Focus on Science: Caleb Gaithright's project 'an excuse to build a coil gun'
By REBECCA LEFTWICH
Caleb Gaithright of East Coweta High School was pleased to win third place in the Georgia Science and Technology Fair for his entry in the Senior Electrical and Mechanical Engineering category, but his secret desire to build a pulse accelerator – commonly known as a coil gun – was the real driving force behind the project.
“Caleb has worked hard so hard on this project, more than any other student I advised for the science fair,” said mentor Katie Lowrie, who taught Gaithright in her Advanced Physics class last semester. “Most importantly, Caleb is passionate about the subject matter.”
“He was top of his class and always asking questions, wanting to know more about everything we discussed,” Lowrie said. “Caleb took his passion for creating things and constantly striving to understand how the world works and developed a science fair project with sound scientific methods that was interesting and creative.
“I am so proud of Caleb and his efforts on this project,” Lowrie added. “(His) hard work over the last year has shown me that he is going to be successful at anything he attempts in the future.”
Following is a Q&A with Caleb Gaithright on the birth of his science project, “Magnetic Pulse Accelerator: Capacitance Effects on Distance.”
Q: Will you describe your project?
CG: My project was based upon how the amount of capacitance would affect the distance of a ferrous projectile launched from what is essentially a large solenoid with a free moving core.
When a large amount of current is momentarily run through the solenoid it produces a very intense magnetic field that causes domains in the ferrous projectile to align and attract to the magnetic field. The attracted projectile then rapidly moves toward the center of the magnetic field in attempt to stabilize, but in that brief moment the stored electrical energy provided by the capacitor bank runs out, releasing the projectile from the clutch of the magnetic field and allowing it to travel using its previously obtained during the attraction.

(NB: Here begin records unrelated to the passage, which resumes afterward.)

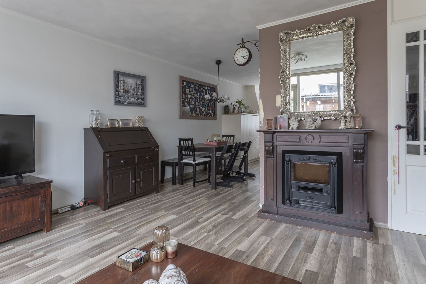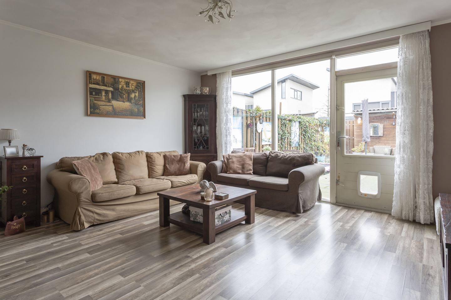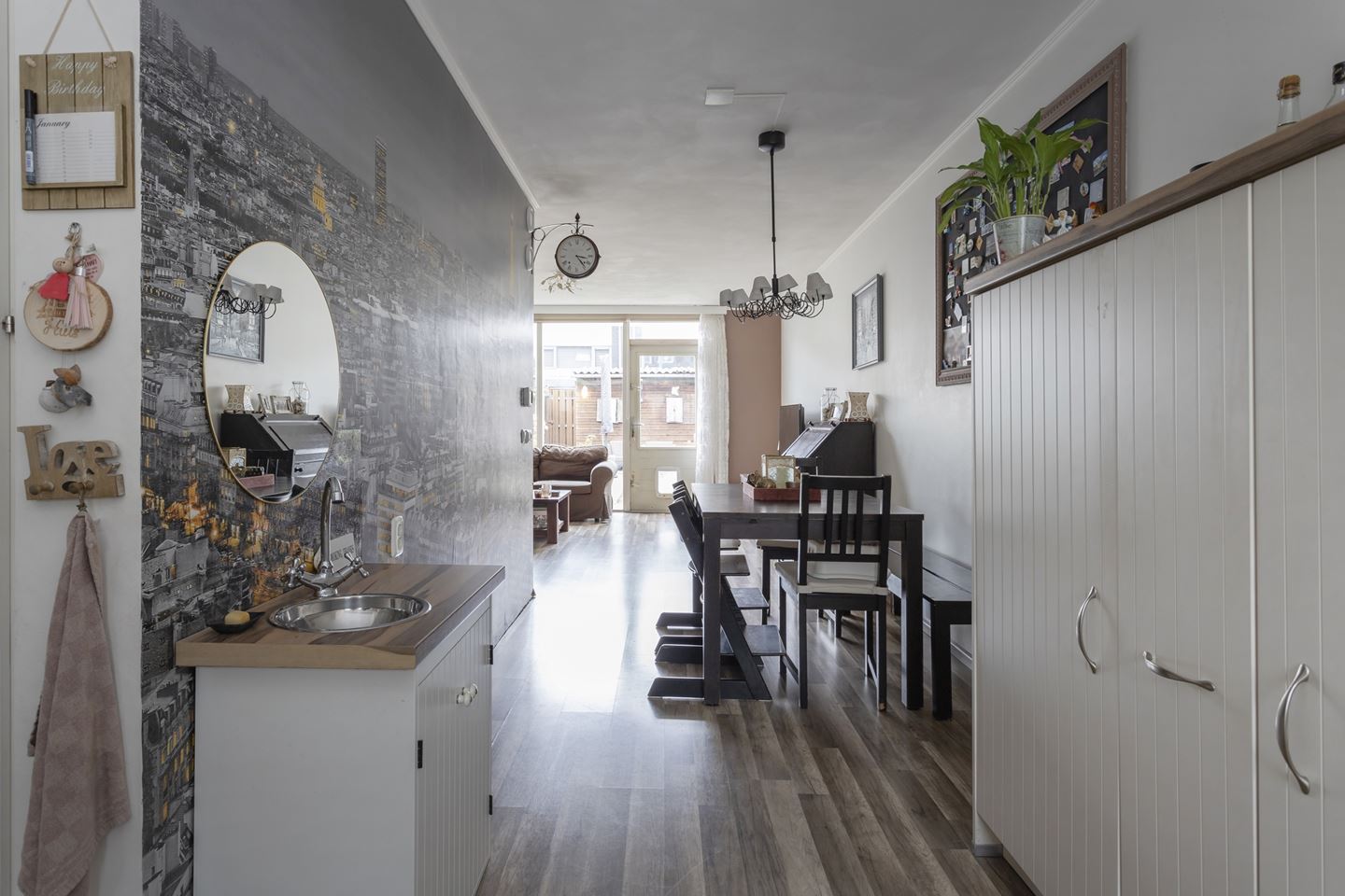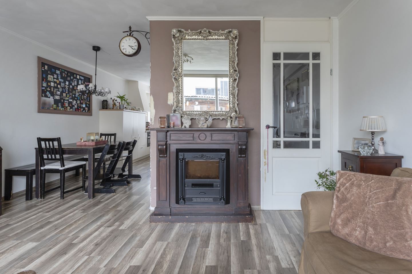 Gang/entree met meterkast, toiletruimte en bergkast. De speelse en tuingerichte woonkamer is sfeervol afgewerkt met een laminaat vloer en aan de voorkant een moderne keuken in U-opstelling. De keuken heeft de volgende kenmerken: Apothekerskast, 2 kruidenkasten, 4-pits inductie kookplaat, schouwafzuiging direct naar buiten, vaatwasser, koelkast en vrieskast apart en combi-oven. Alle apparatuur is van siemens. Vanuit de hal is de trapopgang naar de eerste verdieping bereikbaar.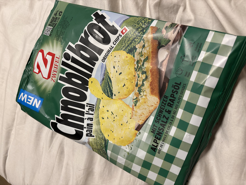 - "A sealed bag of "Zweifel Chnoblibrot Original Chips" is depicted resting on a light beige or off-white textured fabric surface" by FM-hKfOI2, licensed under CC BY 4.0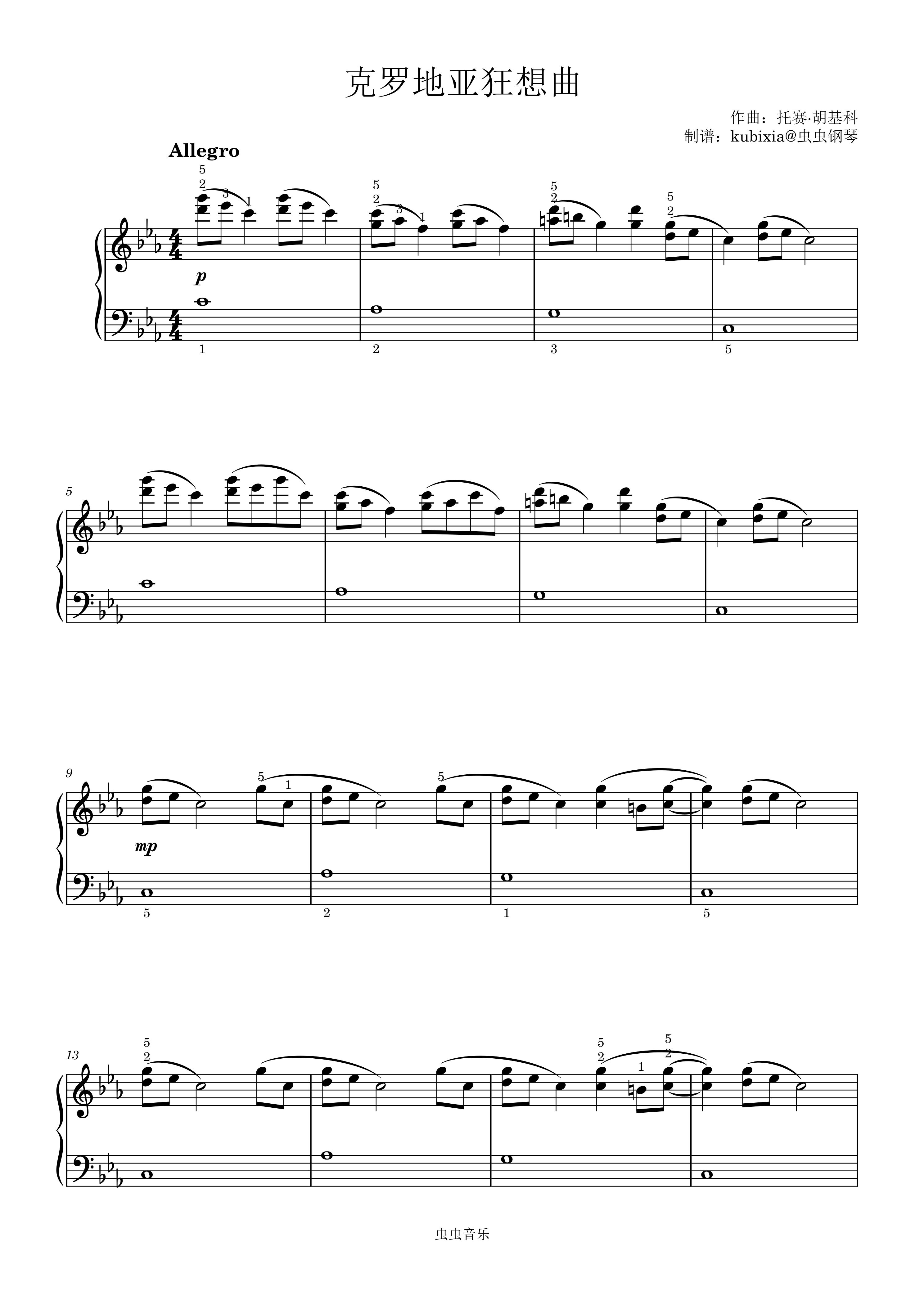 • Croatian Rhapsody钢琴简谱 c调 数字双手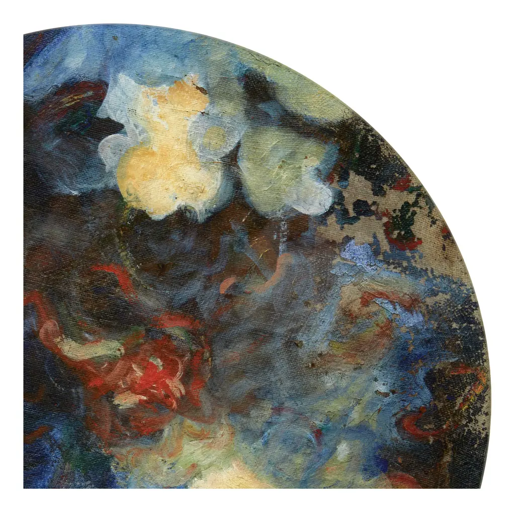 With swirls of color and plenty of painterly texture, our French Abstract Painting Tray would make a welcome addition to any art-filled home. We created this JH exclusive in collaboration with renowned designer and artist John Derian, who, since 1989, has delighted decor enthusiasts everywhere with handmade decoupaged goods crafted from his expansive collection of curious 18th and 19th century images. Inspired by Derian’s process and our own love for all things vintage, we sourced the composition featured here from the personal collection of our very own Chief Creative Officer, Devin Kirk. “I brought this rare round canvas painting home from Provence,” he shares. “Its unusual shape and scale made it impossible to pass up. This plate version is almost identical in size!” Derian and his skilled team of artisans have expertly reproduced this one-of-a-kind find under handblown glass in his NYC studio, creating a beautiful decoupaged dish that captures every brushstroke and unique characteristic of the original artwork. Right at home hanging on the wall amongst other vintage works (or fellow pieces from the JH x JD collection!), this tray would also make a lovely addition to a tabletop vignette, where it can stand alone or act as a catchall for all manner of items. •handmade decoupage•vintage image •handblown glass •food safe •hand wash only•jh x john derian Dimensions•13.5" diameter x .5"H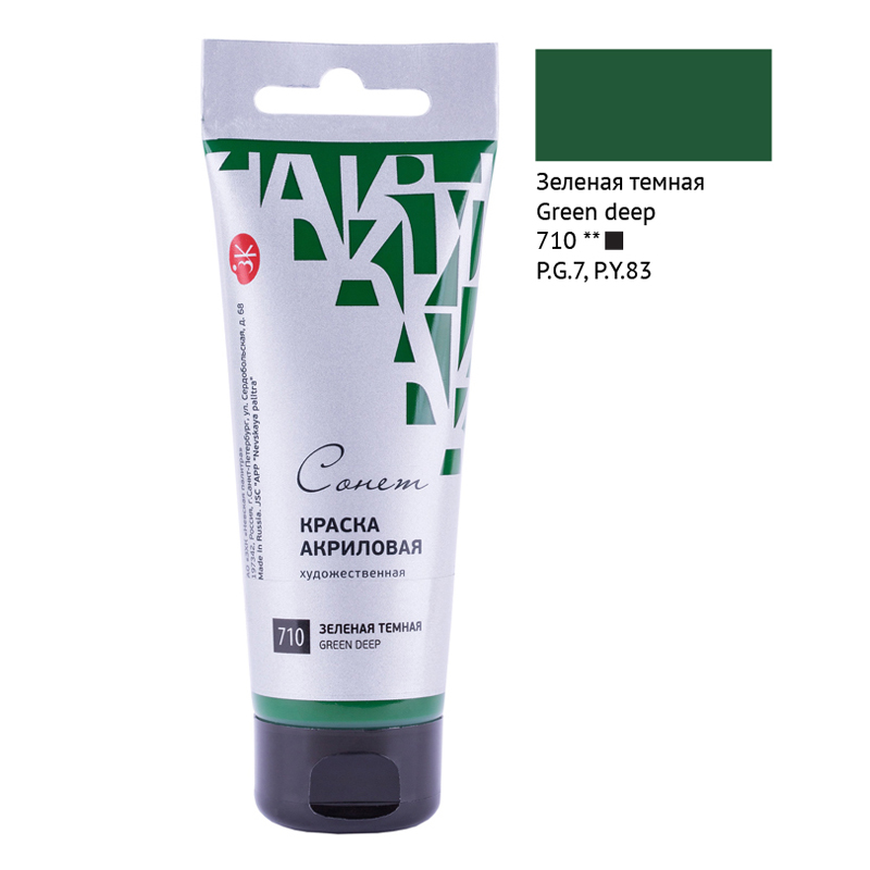 Краска акриловая художественная Сонет, 75мл, глянцевая, туба, зеленый темный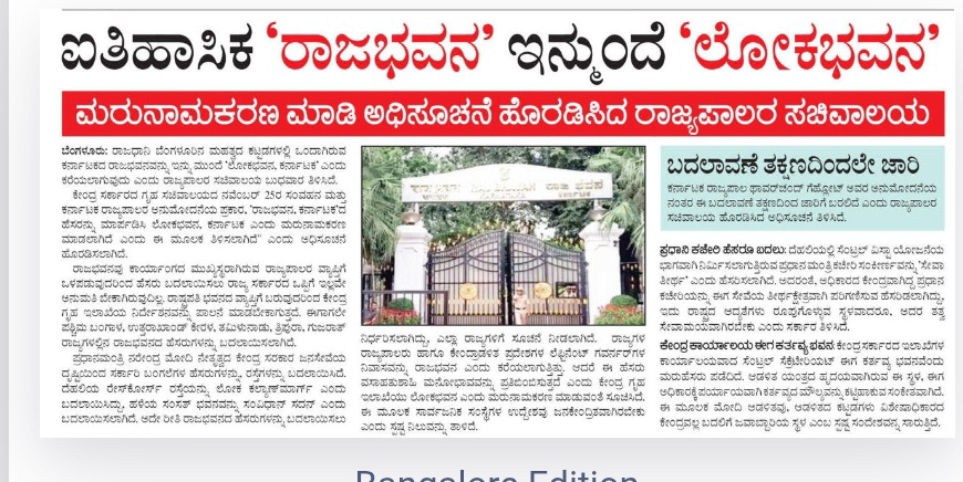 Historic Raj Bhavan will now be “Lok Bhavan”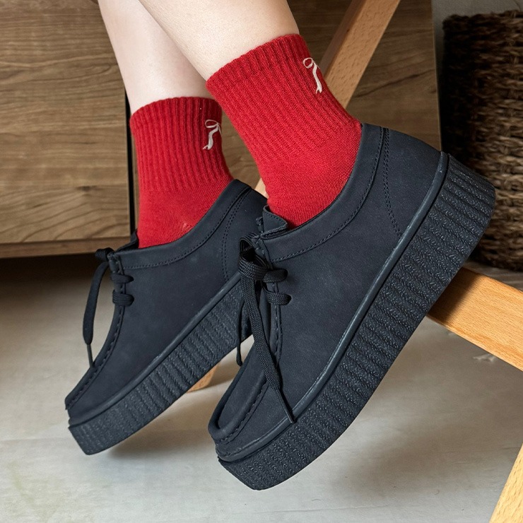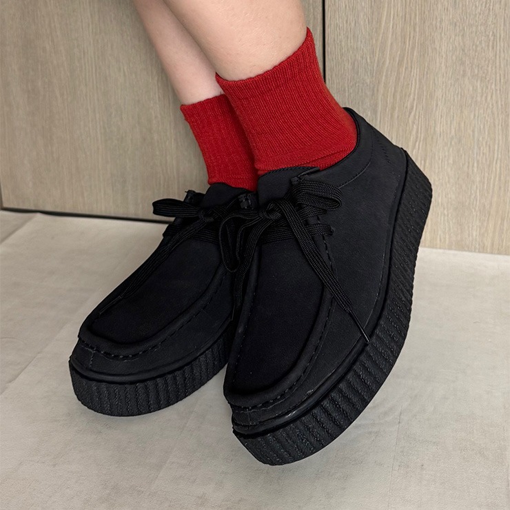 プラットフォームの厚底ソールが印象的なチロリアンデザインのシューズです。スカートにもパンツにも合わせやすいデザインで、ソール部分に適度なボリューム感を持たせる事で、トレンド感もさることながら自然な脚長効果も期待できます。高低差が少ないので安定感があり歩きやすさも◎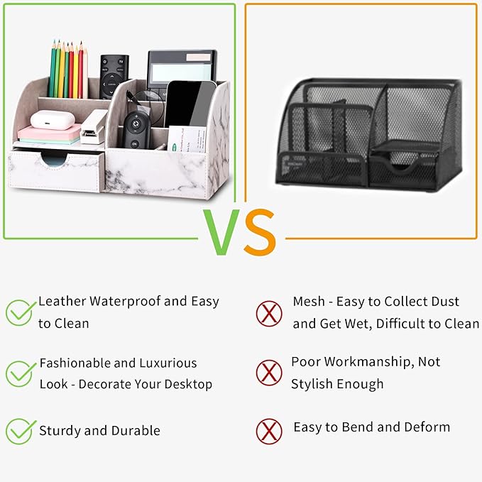 KINGFOM Pu Leather Desk Organizer Pen Pencil Holder Office Supplies Caddy Storage Box 6 Compartments with Drawer Gray Marble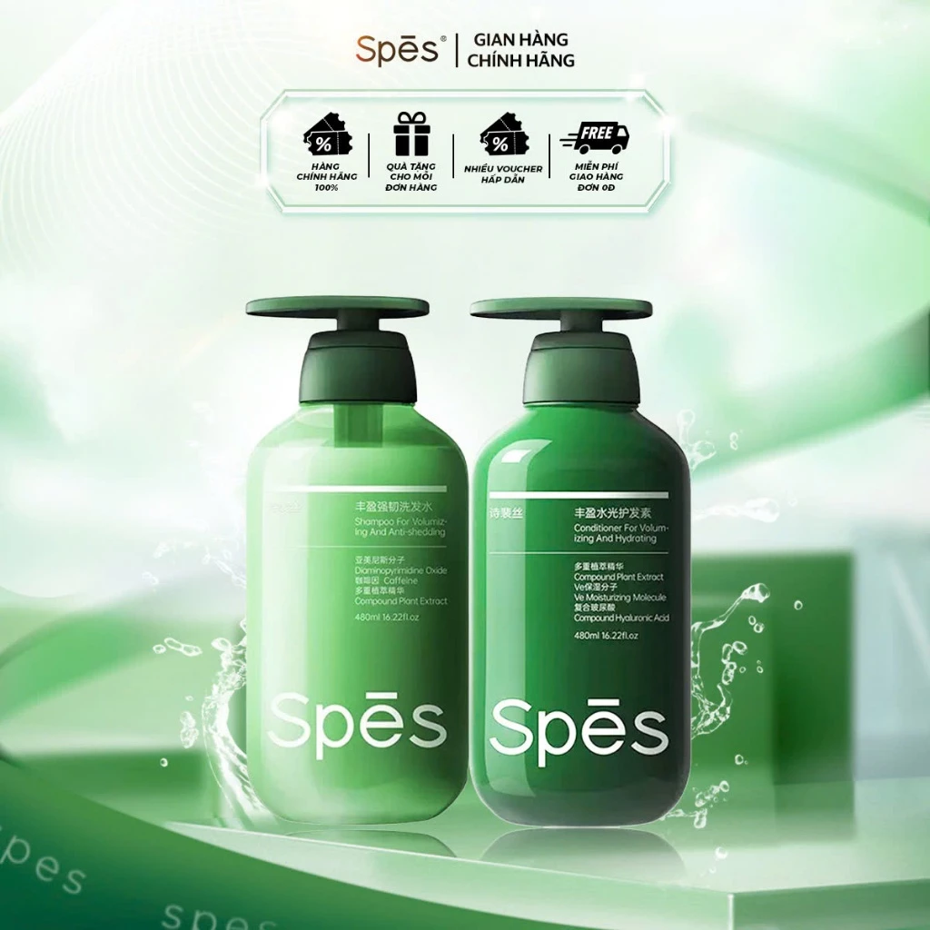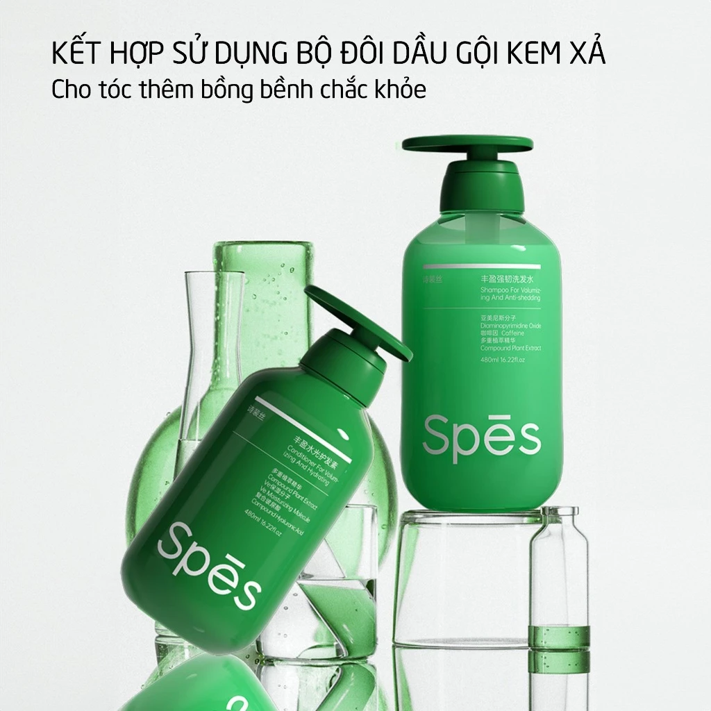 Dầu gội và dầu xả SPES chống rụng tóc và nuôi dưỡng mái tóc chắc khoẻ bồng bềnh 480ml.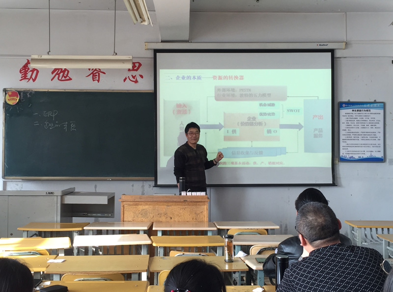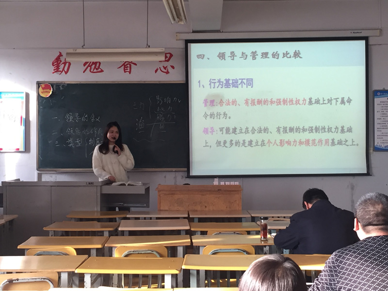 首先,戚登林老师讲授了《ERP沙盘模拟实验》、孙振兴老师讲授了《旅游心理学》、卜鹏爱老师讲授了《公共关系学》、滕越老师讲授了《管理学》,四位老师的教学准备充分、课堂设计合理、PPT设计精美,充分利用多媒体技术和板书,讲授知识丰富,生动形象地从理论知识、实际意义等方面进行了讲解,通俗易懂,课堂气氛较好,得到了老师们的一致肯定和认可。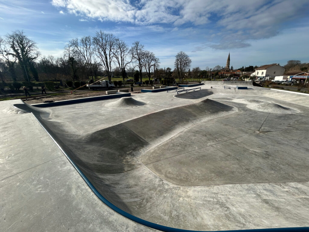 Le skatepark de La Brède a ouvert en décembre 2024 au Parc de l’Espérance, répondant à une demande de nombreux pratiquants de glisse de la commune et de la Métropole bordelaise. Cet équipement d’environ 650 m² en béton lissé a été imaginé pour offrir une surface roulante fluide et durable, accessible sans barrière d’entrée dans un cadre verdoyant à proximité d’autres installations comme le city-stade et les aires de loisirs du parc. Il a été réalisé en quelques mois après une phase de conception qui a impliqué des jeunes Brédois et des usagers intéressés par le projet.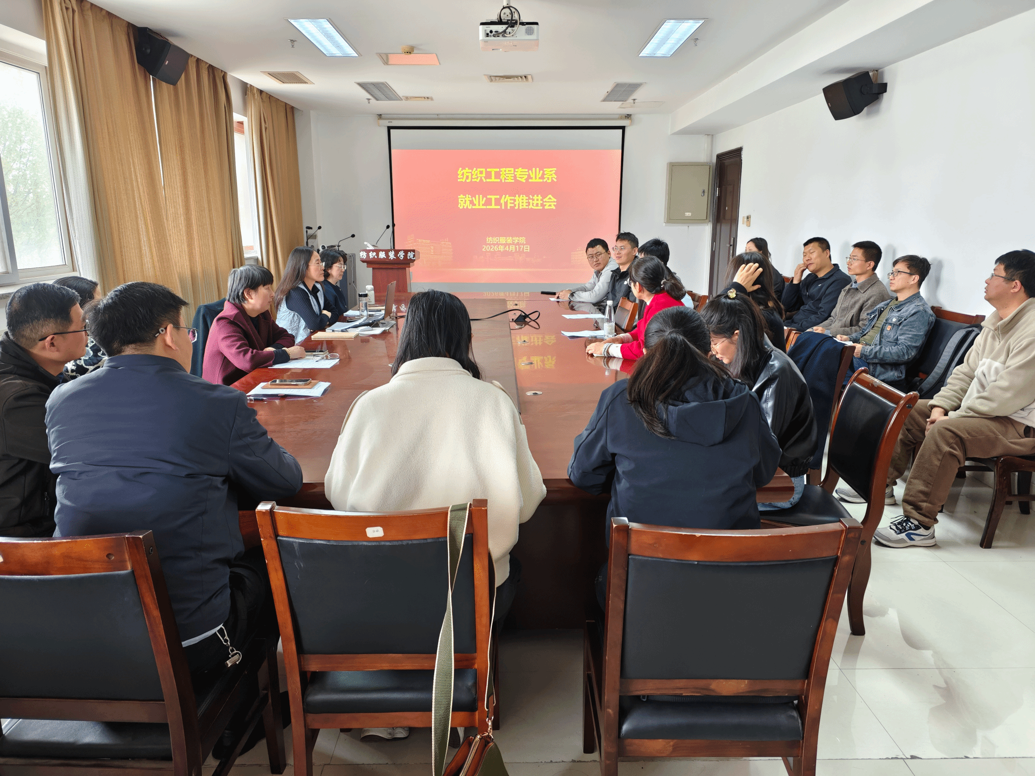 为促进2026届毕业生高质量充分就业,破解就业与学业双重难题,4月15日至17日,纺织服装学院按照专业系分批在学院会议室召开就业工作推进会。院长王春霞,各专业系主任、全体专任教师及毕业班辅导员参会。会议由党总支副书记吴晓静主持。

Now capacitance comes into play as it completely dictates the period at which the magnetic field remains on and directly affects the distance at which the projectile can travel. During the actual testing I manipulated the capacitance by adjusting the amount of a set value capacitors and charged them to a constant voltage to ensure the amount of current was also constant.
After manipulating the capacitance I would launch the projectile from a fixed point – elevated at about three feet to prolong the unwanted effects of gravity – then measured the distance at which it would land. I continued to add capacitor until my testing was completed, and I felt my experiment was thoroughly investigated.
Q: Why did you choose this project?
CG: I chose this project as an excuse to build a pulse accelerator, commonly known as a coil gun. The science behind what was actually going on fascinated me, and a larger interest was sparked when I would watch videos of them in action. Just thinking of possibilities they could achieve aroused my imagination, allowing all sorts of practical applications for future use of this technology to form.
Q: How long did it take?
CG: The final version of my project took one month of continuous research and building.
Q:What was your inspiration?
CG: Inspiration arose from my curiosity about electromagnetism and my need to know if there were more practical or useful applications than just lifting metal objects at a junkyard. I have an interest in alternative means of propulsion to help our space programs continue to thrive and flourish, and I saw a pulse accelerator as a viable means and continued to look into the subject.